## Dataset entries
....
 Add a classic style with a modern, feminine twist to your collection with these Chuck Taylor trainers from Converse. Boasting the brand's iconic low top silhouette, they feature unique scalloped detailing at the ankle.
....
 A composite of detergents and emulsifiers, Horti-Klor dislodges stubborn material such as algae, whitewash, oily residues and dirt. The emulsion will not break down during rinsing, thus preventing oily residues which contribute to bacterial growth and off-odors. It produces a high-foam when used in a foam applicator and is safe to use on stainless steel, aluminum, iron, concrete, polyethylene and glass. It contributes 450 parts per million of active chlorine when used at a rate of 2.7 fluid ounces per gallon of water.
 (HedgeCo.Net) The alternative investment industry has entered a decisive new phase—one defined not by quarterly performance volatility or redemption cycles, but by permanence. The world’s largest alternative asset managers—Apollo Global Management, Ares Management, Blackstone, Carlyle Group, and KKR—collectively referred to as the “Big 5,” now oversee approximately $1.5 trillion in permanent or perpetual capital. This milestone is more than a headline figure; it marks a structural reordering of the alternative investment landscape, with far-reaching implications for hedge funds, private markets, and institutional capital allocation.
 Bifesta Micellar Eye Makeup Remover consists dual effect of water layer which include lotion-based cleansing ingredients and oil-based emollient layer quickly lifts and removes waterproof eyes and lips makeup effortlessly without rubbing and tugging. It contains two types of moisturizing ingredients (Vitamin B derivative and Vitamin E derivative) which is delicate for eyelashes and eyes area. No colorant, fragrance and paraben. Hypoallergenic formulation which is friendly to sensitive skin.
....
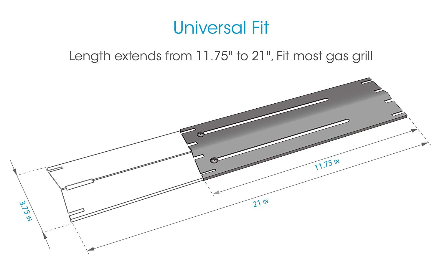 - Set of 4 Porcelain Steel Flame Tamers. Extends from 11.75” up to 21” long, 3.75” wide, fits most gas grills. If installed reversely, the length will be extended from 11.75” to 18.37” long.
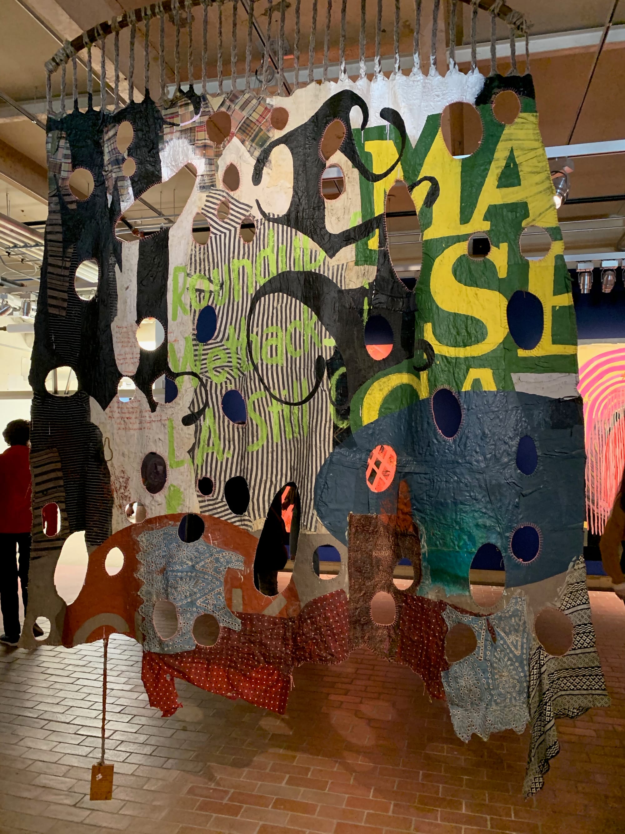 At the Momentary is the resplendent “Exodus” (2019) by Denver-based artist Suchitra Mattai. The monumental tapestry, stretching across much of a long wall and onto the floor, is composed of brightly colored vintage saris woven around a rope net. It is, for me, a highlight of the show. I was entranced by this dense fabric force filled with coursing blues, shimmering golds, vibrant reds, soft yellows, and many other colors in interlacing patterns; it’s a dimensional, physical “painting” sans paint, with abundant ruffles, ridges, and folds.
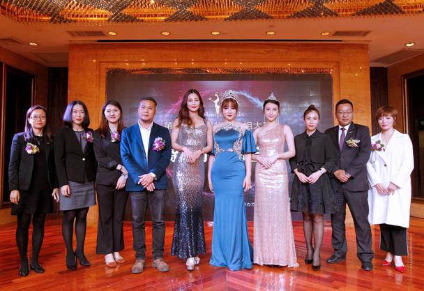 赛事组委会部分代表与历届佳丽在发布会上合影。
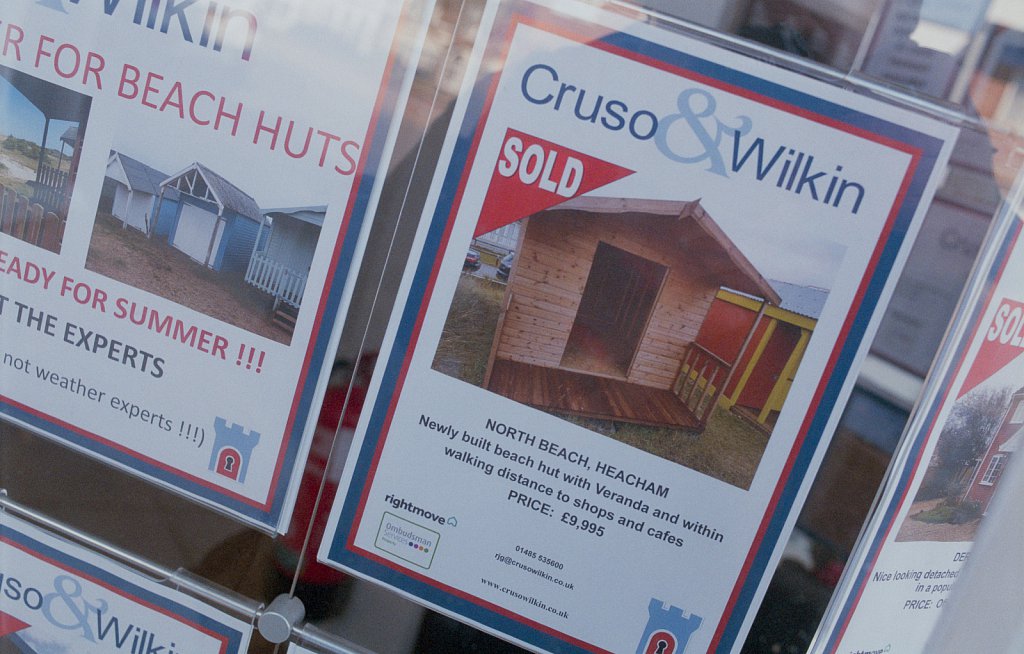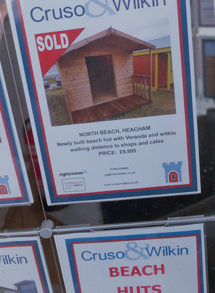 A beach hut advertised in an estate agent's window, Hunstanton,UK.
....
## What needs to be done
Look above for the line with "- Set of 4 Porcelain"; quote it and every line after it, stopping after the line with "A beach hut", exactly, with nothing added and without pictures.

## Answer box
 - Set of 4 Porcelain Steel Flame Tamers. Extends from 11.75” up to 21” long, 3.75” wide, fits most gas grills. If installed reversely, the length will be extended from 11.75” to 18.37” long.
 At the Momentary is the resplendent “Exodus” (2019) by Denver-based artist Suchitra Mattai. The monumental tapestry, stretching across much of a long wall and onto the floor, is composed of brightly colored vintage saris woven around a rope net. It is, for me, a highlight of the show. I was entranced by this dense fabric force filled with coursing blues, shimmering golds, vibrant reds, soft yellows, and many other colors in interlacing patterns; it’s a dimensional, physical “painting” sans paint, with abundant ruffles, ridges, and folds.
 赛事组委会部分代表与历届佳丽在发布会上合影。
 A beach hut advertised in an estate agent's window, Hunstanton,UK.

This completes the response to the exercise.